### AIM OF THE EXERCISE
When you transcribe the entries below, begin at their first line and stop after the line containing "Look at this"; pictures stay out.
** Opening LISTED ENTRIES block **
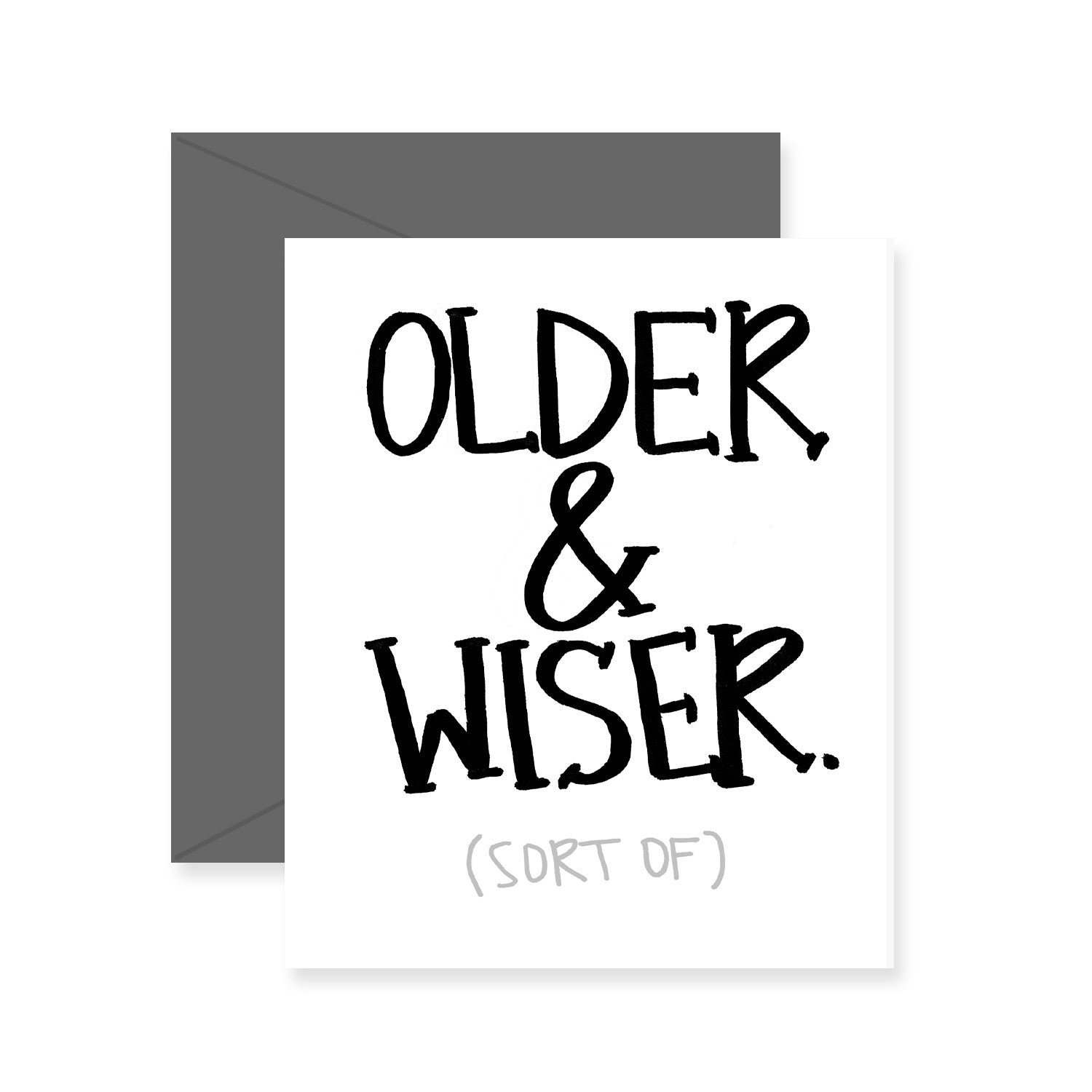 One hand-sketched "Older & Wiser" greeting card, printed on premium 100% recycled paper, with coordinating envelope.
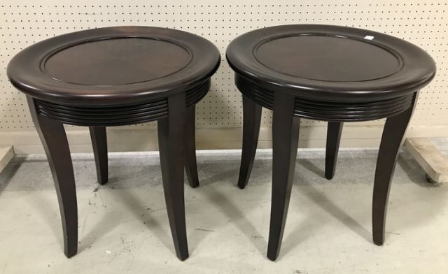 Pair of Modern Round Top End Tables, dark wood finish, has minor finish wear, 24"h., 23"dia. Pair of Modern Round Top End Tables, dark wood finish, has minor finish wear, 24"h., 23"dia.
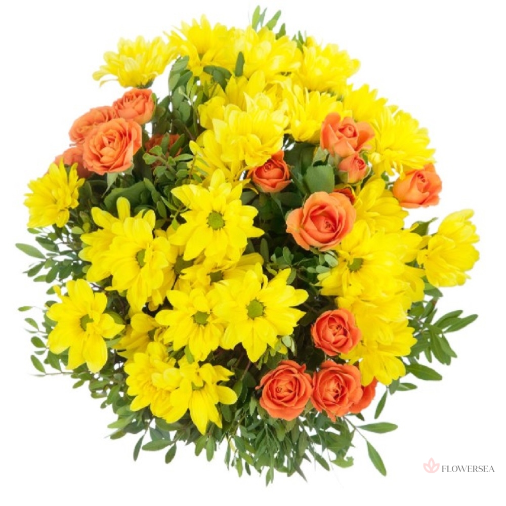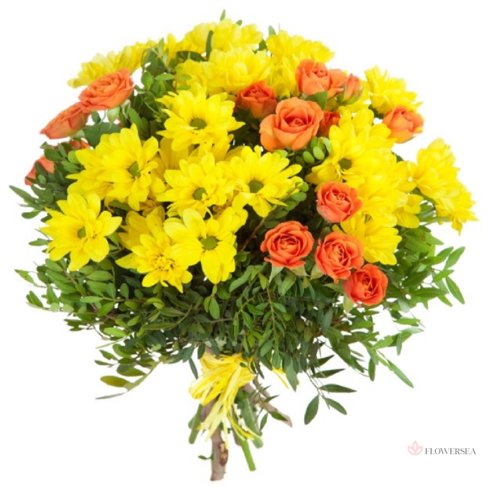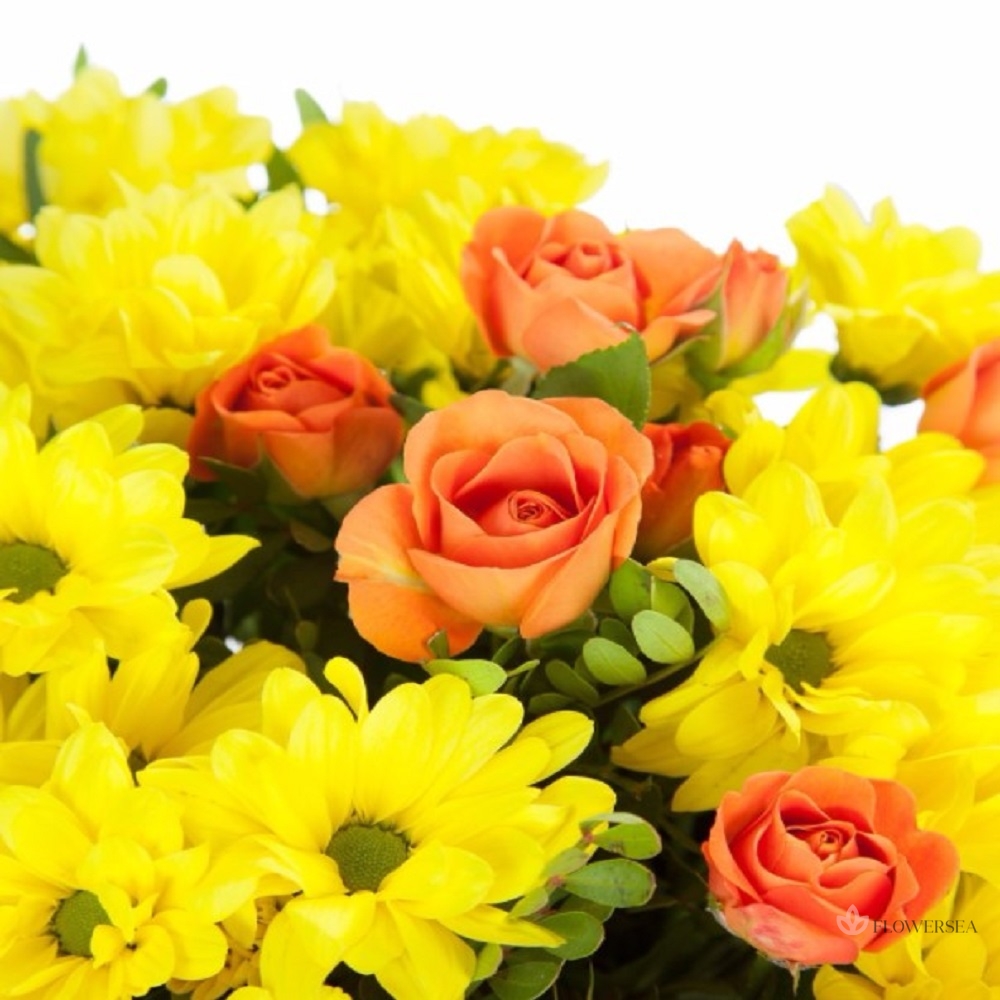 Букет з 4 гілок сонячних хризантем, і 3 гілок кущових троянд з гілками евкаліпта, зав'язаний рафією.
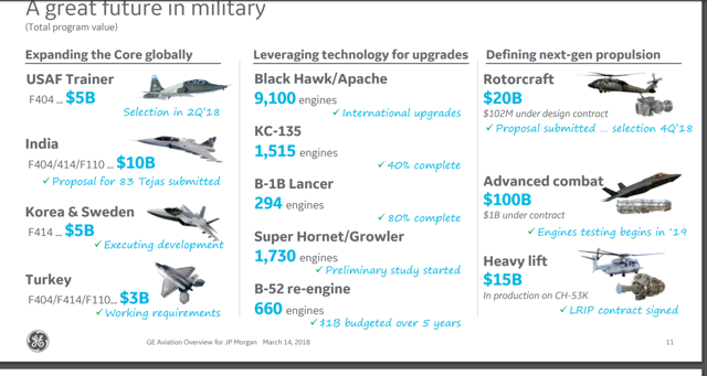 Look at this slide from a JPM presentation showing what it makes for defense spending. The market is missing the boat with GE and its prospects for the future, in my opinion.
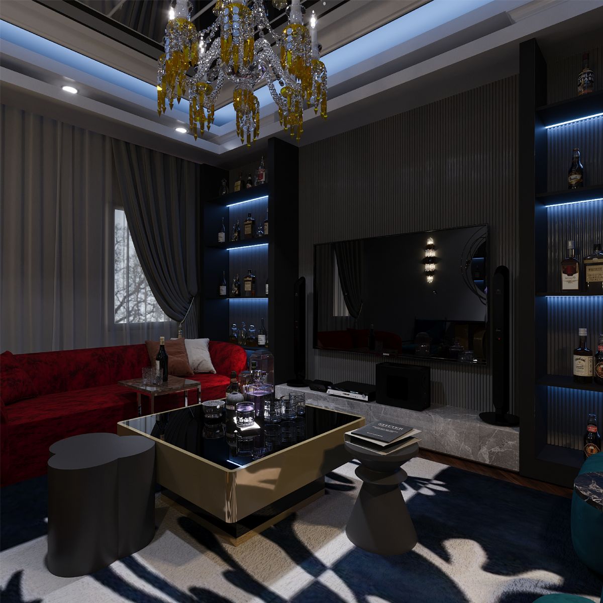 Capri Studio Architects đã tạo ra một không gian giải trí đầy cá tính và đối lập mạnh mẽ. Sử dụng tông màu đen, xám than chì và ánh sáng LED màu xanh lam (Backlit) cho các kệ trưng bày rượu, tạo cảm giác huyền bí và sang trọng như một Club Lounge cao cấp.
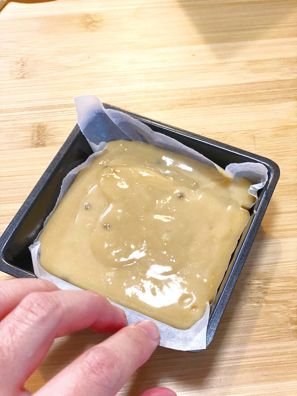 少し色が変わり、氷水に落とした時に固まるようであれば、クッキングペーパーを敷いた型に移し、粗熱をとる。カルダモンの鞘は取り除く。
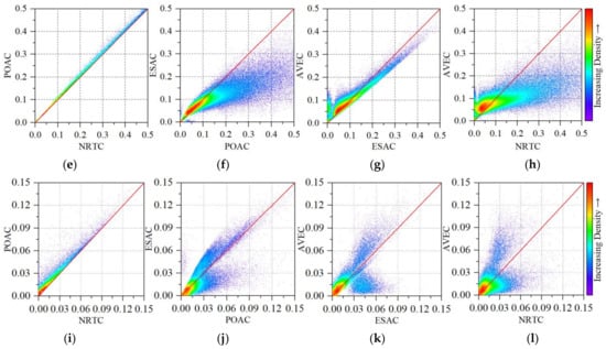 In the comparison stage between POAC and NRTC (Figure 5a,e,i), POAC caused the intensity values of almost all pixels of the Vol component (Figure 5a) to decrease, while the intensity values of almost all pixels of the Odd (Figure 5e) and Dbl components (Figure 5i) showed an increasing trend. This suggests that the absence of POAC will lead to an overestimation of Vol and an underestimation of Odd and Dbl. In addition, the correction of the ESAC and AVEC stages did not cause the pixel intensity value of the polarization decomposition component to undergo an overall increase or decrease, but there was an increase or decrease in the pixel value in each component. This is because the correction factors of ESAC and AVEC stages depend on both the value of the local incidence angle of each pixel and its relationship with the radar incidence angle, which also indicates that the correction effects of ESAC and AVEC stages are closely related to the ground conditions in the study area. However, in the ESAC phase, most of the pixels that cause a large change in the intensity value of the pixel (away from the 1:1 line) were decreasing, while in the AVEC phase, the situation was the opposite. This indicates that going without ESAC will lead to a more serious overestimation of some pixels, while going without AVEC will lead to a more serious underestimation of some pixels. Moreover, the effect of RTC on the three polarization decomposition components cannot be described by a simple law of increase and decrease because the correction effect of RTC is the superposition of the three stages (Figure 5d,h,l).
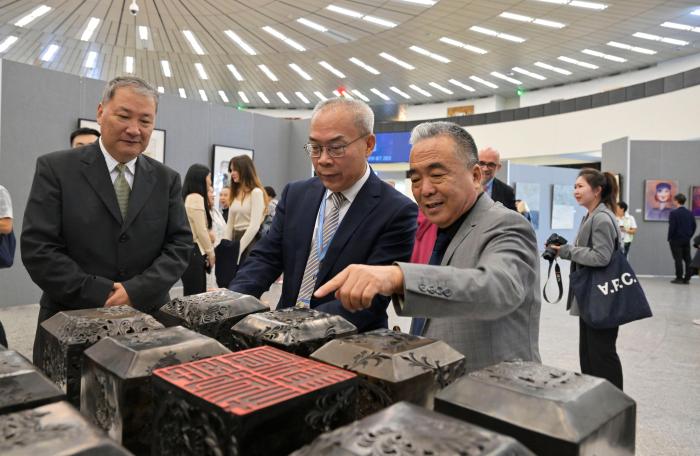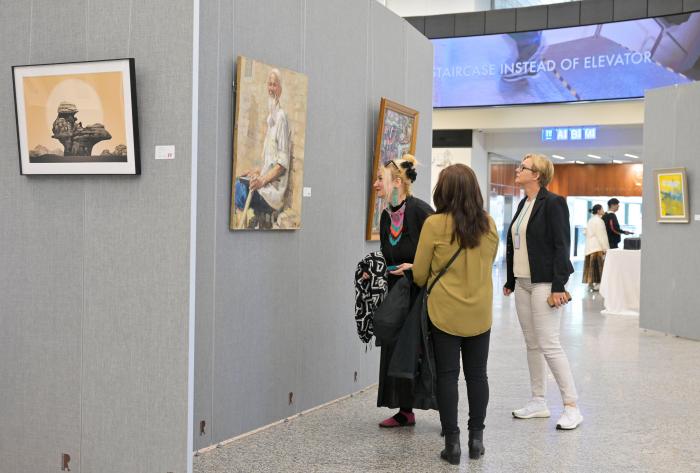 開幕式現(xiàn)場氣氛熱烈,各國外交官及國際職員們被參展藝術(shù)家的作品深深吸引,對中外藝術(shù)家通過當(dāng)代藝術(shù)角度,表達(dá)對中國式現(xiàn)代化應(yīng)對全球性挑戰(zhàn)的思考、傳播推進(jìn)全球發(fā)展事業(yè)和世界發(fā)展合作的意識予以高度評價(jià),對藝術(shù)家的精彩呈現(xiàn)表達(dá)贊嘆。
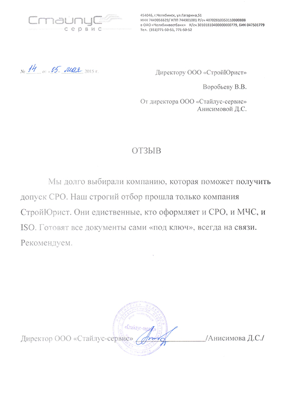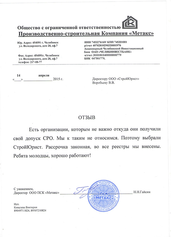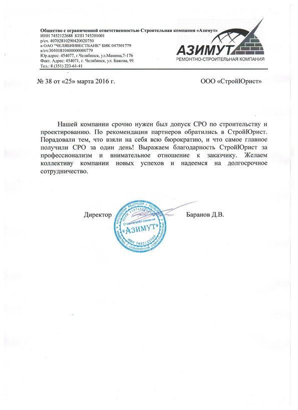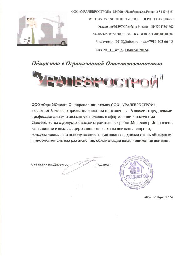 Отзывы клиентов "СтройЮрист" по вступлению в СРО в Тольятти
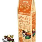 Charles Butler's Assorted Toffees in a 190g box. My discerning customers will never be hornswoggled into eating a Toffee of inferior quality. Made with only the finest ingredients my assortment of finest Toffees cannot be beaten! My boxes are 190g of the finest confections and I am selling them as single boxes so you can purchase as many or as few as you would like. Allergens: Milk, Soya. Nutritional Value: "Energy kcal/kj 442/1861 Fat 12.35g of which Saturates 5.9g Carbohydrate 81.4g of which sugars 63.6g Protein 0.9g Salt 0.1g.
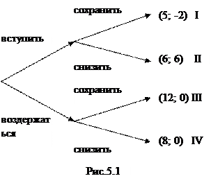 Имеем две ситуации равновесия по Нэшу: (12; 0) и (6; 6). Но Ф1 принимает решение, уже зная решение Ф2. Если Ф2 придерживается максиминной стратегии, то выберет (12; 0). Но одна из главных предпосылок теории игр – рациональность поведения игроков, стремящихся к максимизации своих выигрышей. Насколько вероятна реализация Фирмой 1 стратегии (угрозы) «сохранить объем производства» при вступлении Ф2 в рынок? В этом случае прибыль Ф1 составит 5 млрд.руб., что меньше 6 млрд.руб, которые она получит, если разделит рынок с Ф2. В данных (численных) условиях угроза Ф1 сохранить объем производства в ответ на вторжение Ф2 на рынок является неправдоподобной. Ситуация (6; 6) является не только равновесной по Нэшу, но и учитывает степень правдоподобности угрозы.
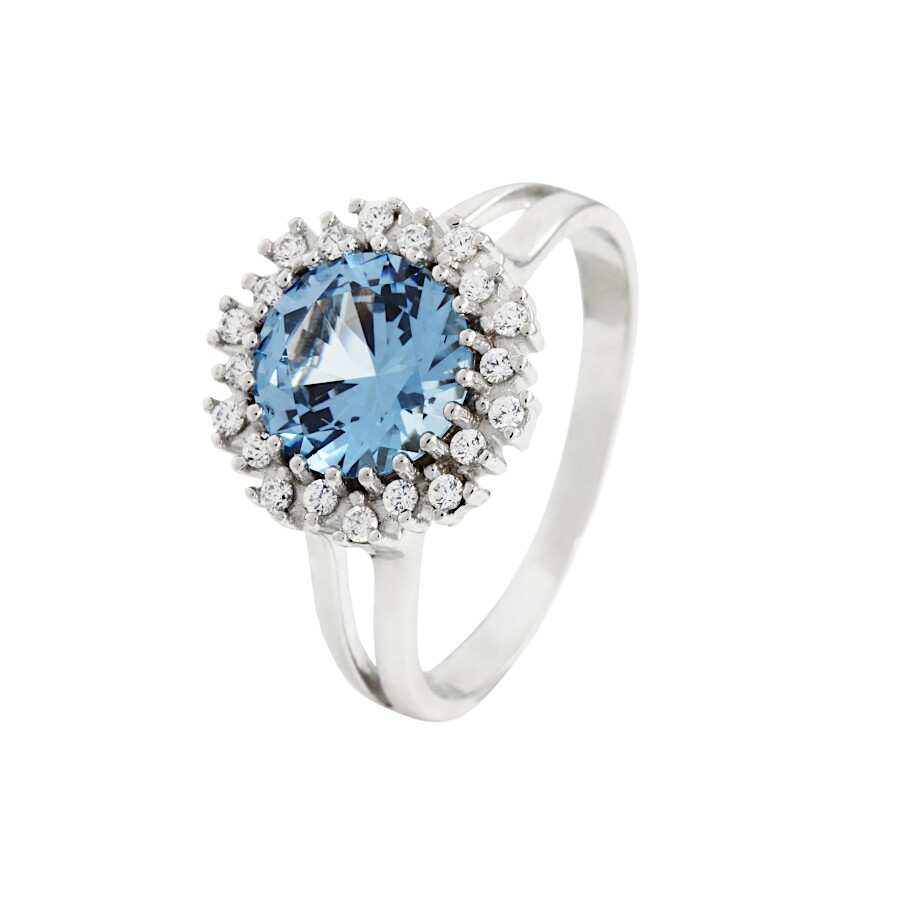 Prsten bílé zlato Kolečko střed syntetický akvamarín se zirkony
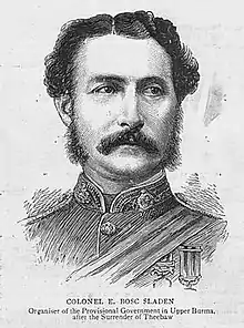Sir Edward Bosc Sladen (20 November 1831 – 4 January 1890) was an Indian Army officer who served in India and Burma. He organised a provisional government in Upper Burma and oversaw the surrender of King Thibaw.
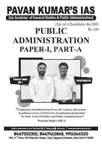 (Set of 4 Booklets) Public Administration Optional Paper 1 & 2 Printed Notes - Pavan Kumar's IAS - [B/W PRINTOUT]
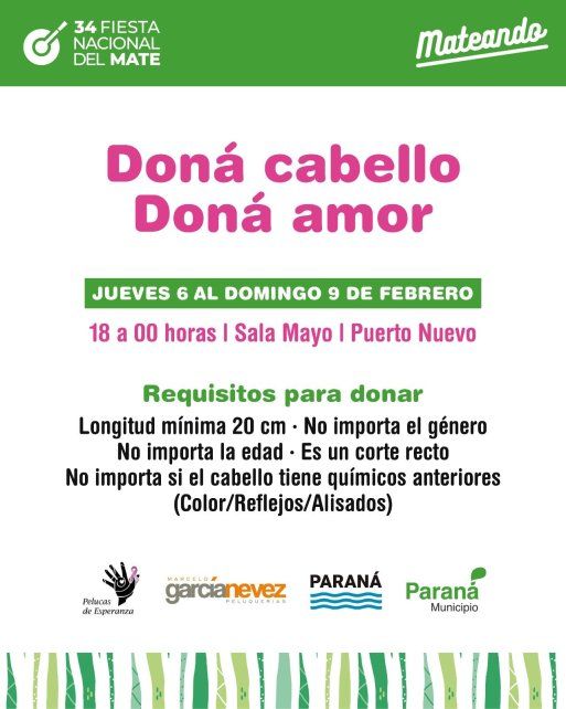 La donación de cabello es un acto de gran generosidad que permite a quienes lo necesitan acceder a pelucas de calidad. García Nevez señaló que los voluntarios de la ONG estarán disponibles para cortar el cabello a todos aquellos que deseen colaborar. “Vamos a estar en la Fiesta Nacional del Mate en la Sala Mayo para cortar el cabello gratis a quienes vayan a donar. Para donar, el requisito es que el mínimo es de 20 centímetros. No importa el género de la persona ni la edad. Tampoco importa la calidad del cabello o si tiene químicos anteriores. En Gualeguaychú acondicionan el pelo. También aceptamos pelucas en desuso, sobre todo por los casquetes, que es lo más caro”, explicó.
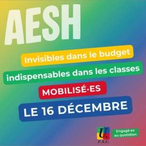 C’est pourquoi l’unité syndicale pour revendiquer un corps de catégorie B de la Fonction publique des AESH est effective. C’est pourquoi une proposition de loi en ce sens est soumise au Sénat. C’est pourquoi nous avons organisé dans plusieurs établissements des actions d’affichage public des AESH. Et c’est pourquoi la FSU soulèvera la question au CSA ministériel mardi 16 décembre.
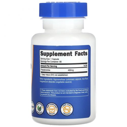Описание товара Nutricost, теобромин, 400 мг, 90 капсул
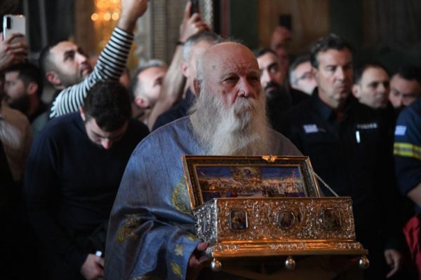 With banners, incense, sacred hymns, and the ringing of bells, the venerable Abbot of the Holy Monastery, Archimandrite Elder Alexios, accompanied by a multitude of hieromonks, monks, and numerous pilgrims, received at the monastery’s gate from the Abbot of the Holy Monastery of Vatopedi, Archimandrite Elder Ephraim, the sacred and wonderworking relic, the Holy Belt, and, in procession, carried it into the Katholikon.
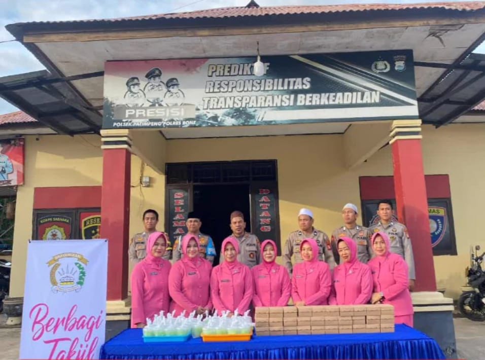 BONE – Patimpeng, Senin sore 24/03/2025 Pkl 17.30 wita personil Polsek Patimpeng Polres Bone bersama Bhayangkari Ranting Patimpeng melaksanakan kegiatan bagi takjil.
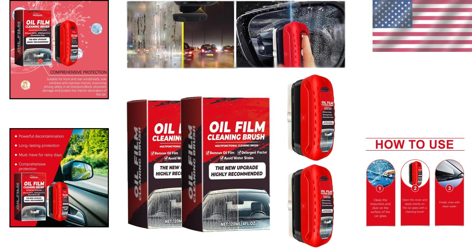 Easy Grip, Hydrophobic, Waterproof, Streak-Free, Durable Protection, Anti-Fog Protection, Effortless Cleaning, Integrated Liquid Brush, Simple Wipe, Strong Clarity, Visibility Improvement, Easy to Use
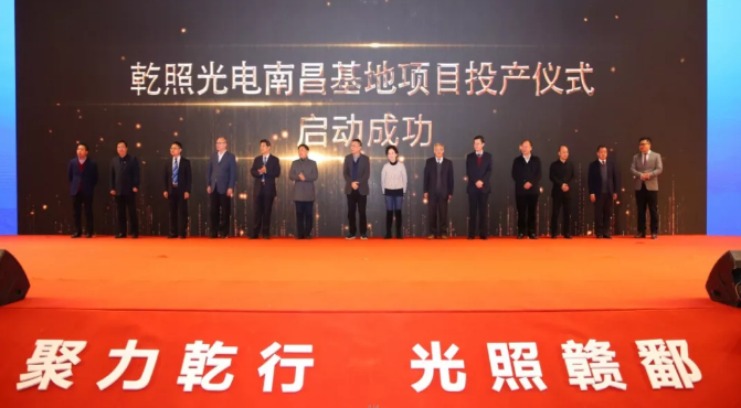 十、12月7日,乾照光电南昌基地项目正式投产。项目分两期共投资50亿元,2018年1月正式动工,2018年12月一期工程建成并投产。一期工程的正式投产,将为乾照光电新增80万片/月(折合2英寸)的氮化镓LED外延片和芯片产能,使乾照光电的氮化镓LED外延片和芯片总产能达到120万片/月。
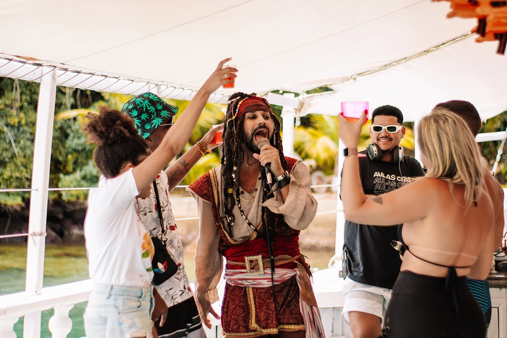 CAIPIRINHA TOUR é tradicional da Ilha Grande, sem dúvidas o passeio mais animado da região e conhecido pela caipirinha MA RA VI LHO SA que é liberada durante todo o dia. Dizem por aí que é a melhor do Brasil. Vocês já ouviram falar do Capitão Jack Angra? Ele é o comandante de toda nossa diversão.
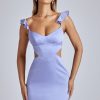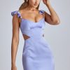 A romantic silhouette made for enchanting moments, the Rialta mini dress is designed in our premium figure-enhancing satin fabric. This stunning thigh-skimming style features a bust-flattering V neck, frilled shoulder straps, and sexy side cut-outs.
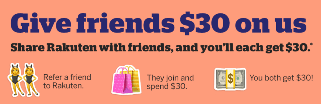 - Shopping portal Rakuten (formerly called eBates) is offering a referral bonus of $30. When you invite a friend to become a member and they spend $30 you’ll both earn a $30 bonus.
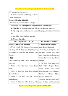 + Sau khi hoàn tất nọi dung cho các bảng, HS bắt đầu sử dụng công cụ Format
** Closing LISTED ENTRIES block **
### EXERCISE ANSWER
 One hand-sketched "Older & Wiser" greeting card, printed on premium 100% recycled paper, with coordinating envelope.
 Pair of Modern Round Top End Tables, dark wood finish, has minor finish wear, 24"h., 23"dia. Pair of Modern Round Top End Tables, dark wood finish, has minor finish wear, 24"h., 23"dia.
 Букет з 4 гілок сонячних хризантем, і 3 гілок кущових троянд з гілками евкаліпта, зав'язаний рафією.
 Look at this slide from a JPM presentation showing what it makes for defense spending. The market is missing the boat with GE and its prospects for the future, in my opinion.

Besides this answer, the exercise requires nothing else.